Records shown
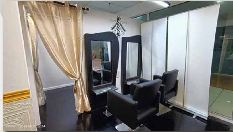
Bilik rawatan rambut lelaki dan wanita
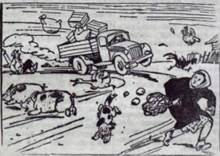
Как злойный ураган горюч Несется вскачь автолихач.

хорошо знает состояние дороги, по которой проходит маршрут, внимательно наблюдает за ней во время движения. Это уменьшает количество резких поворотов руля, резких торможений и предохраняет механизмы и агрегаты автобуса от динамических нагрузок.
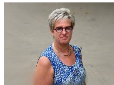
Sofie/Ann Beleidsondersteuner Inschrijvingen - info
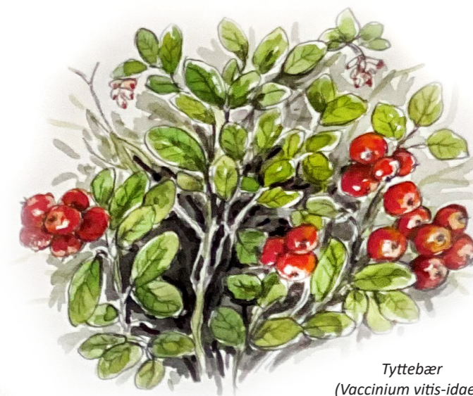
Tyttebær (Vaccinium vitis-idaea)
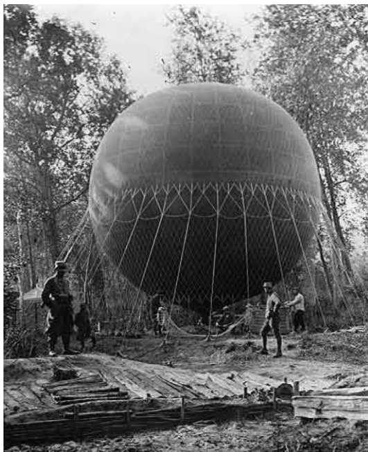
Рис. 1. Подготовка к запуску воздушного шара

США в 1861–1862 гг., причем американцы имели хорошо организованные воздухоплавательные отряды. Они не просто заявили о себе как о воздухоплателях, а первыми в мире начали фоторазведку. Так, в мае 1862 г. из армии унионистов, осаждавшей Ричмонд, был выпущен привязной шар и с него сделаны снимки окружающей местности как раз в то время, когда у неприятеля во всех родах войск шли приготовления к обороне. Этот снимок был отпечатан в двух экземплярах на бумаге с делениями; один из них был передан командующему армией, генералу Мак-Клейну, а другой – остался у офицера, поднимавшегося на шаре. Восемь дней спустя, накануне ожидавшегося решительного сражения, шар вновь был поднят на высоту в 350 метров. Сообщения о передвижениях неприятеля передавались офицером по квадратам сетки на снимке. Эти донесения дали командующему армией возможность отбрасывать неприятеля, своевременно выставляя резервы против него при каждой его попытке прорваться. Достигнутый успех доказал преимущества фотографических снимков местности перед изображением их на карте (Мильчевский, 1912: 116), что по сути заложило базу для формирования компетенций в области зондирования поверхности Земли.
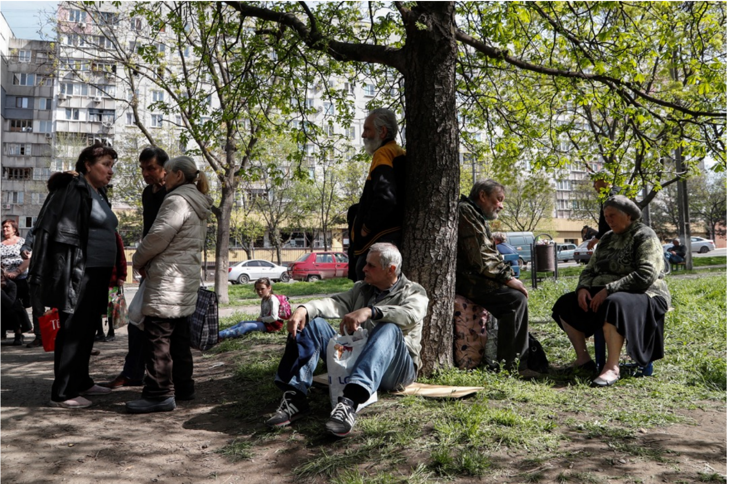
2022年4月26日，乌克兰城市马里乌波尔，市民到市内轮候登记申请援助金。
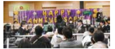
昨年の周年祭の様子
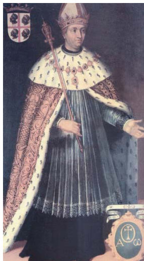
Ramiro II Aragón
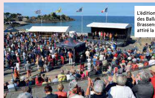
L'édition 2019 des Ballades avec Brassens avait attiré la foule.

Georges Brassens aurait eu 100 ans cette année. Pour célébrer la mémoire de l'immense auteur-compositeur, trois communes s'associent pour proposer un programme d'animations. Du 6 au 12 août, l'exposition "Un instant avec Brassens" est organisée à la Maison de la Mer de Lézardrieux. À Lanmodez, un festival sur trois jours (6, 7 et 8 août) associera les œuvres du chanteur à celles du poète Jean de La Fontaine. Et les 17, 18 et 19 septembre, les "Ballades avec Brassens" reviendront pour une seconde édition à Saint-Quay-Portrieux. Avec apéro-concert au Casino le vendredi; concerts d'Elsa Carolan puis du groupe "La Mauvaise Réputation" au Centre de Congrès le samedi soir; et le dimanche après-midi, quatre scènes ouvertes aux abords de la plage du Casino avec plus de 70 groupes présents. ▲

Instructions to follow
When you reach the line containing "хорошо знает состояние" in the entries above, begin restating word for word, and stop once the line containing "L'édition 2019 des" has been given. Omit the pictures.

Written response
хорошо знает состояние дороги, по которой проходит маршрут, внимательно наблюдает за ней во время движения. Это уменьшает количество резких поворотов руля, резких торможений и предохраняет механизмы и агрегаты автобуса от динамических нагрузок.
Sofie/Ann Beleidsondersteuner Inschrijvingen - info
Tyttebær (Vaccinium vitis-idaea)
Рис. 1. Подготовка к запуску воздушного шара

США в 1861–1862 гг., причем американцы имели хорошо организованные воздухоплавательные отряды. Они не просто заявили о себе как о воздухоплателях, а первыми в мире начали фоторазведку. Так, в мае 1862 г. из армии унионистов, осаждавшей Ричмонд, был выпущен привязной шар и с него сделаны снимки окружающей местности как раз в то время, когда у неприятеля во всех родах войск шли приготовления к обороне. Этот снимок был отпечатан в двух экземплярах на бумаге с делениями; один из них был передан командующему армией, генералу Мак-Клейну, а другой – остался у офицера, поднимавшегося на шаре. Восемь дней спустя, накануне ожидавшегося решительного сражения, шар вновь был поднят на высоту в 350 метров. Сообщения о передвижениях неприятеля передавались офицером по квадратам сетки на снимке. Эти донесения дали командующему армией возможность отбрасывать неприятеля, своевременно выставляя резервы против него при каждой его попытке прорваться. Достигнутый успех доказал преимущества фотографических снимков местности перед изображением их на карте (Мильчевский, 1912: 116), что по сути заложило базу для формирования компетенций в области зондирования поверхности Земли.
2022年4月26日，乌克兰城市马里乌波尔，市民到市内轮候登记申请援助金。
昨年の周年祭の様子
Ramiro II Aragón
L'édition 2019 des Ballades avec Brassens avait attiré la foule.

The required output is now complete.